⟨

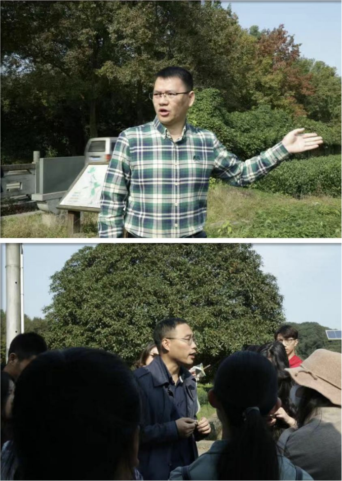 考察从茶园开始。茶叶研究所的副总陈瑞鸿和产品部经理汪旭明专门带领所有学员考察龙井茶园的种植基地。在考察过程中,专业人员对茶叶研究所目前主要生产的龙井茶类、诸多茶类之间的区别、相关种植生产的基础设施、自然环境等均做了介绍,期间学员也就个人对龙井的认识参与交流,并得知:目前中国茶叶研究所主要生产的茶叶包括市场份额占比最高的群体种、研究所自身研发的龙井43以及新研发的中茶108三类,目前以种植龙井43为主,约占60%。
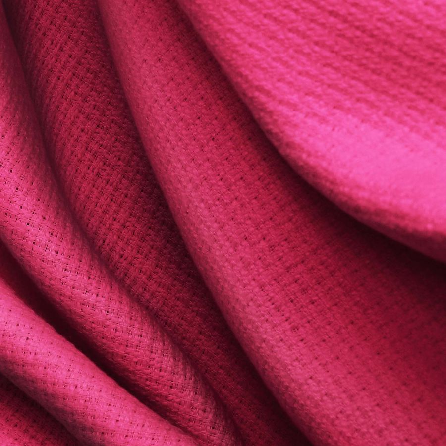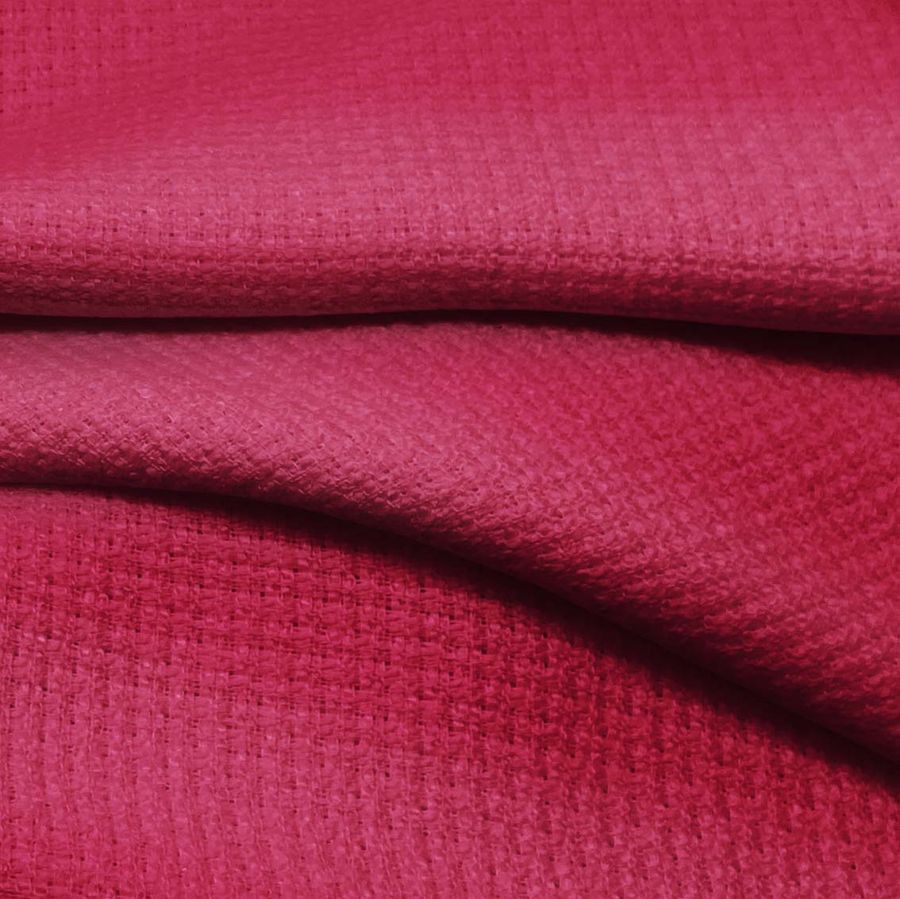 La tela base de esta prenda es el Tweed Chanel, una tela de tipo tweed con una composición del 100% poliéster y un gramaje de 420 gr/m2. El ancho de la tela es de 150 cm y su nombre proviene de la famosa Casa Chanel. El color liso impreso es un tono elegante y sofisticado de Rojo Vino Francés, que corresponde a un CMYK de 22 98 56 16 y que se combina perfectamente con tonos neutros como el negro, blanco o gris, así como con tonos tierra como el beige o el marrón.
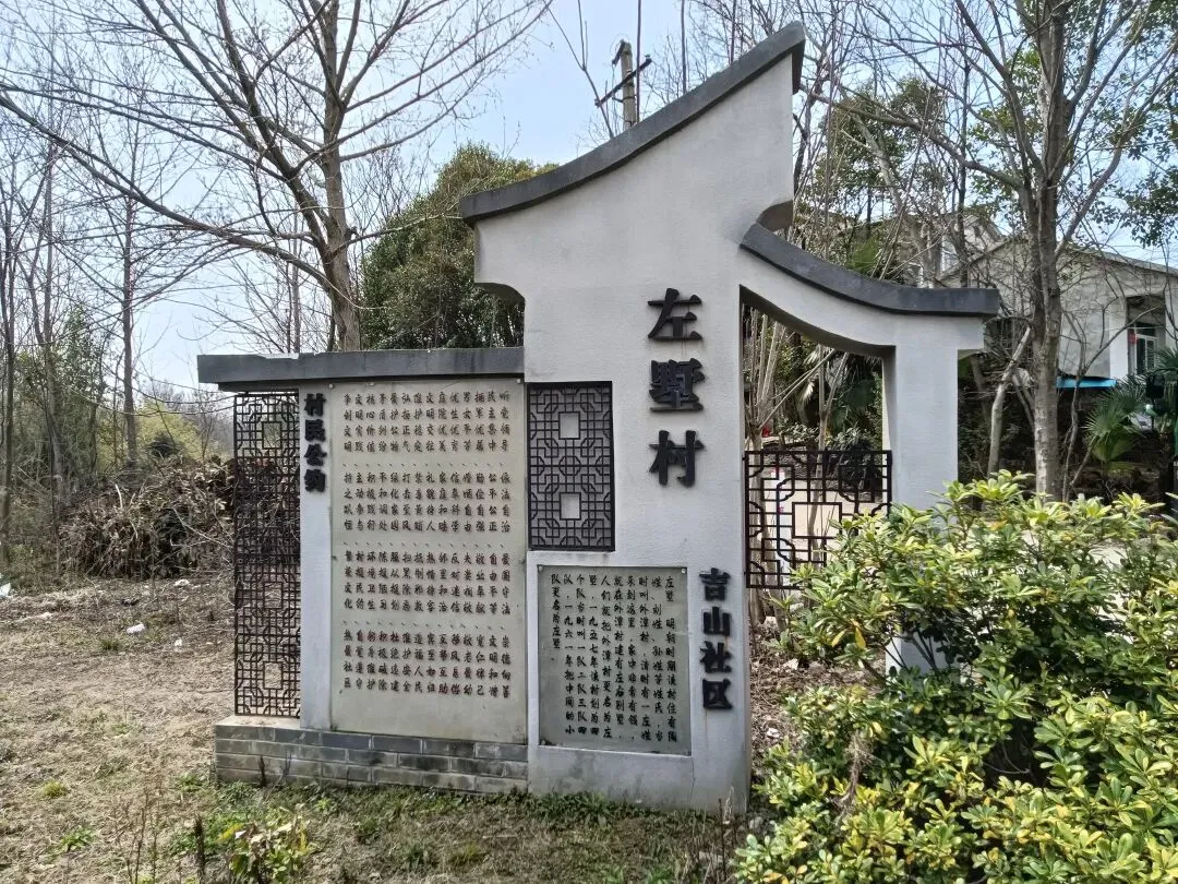 四百米后,又一处岔路口,左墅村到了。现在的村口,都会有各种造型的村名,美化村容。墙上村规民约,介绍左墅村来历。

⟩

▶ [WHAT THE TASK REQUIRES]
In your output, include only the lines from the line containing "La tela base" through the last line of the material above, exactly as they appear, and leave out the pictures.

▶ [WRITTEN RESPONSE]
 La tela base de esta prenda es el Tweed Chanel, una tela de tipo tweed con una composición del 100% poliéster y un gramaje de 420 gr/m2. El ancho de la tela es de 150 cm y su nombre proviene de la famosa Casa Chanel. El color liso impreso es un tono elegante y sofisticado de Rojo Vino Francés, que corresponde a un CMYK de 22 98 56 16 y que se combina perfectamente con tonos neutros como el negro, blanco o gris, así como con tonos tierra como el beige o el marrón.
 四百米后,又一处岔路口,左墅村到了。现在的村口,都会有各种造型的村名,美化村容。墙上村规民约,介绍左墅村来历。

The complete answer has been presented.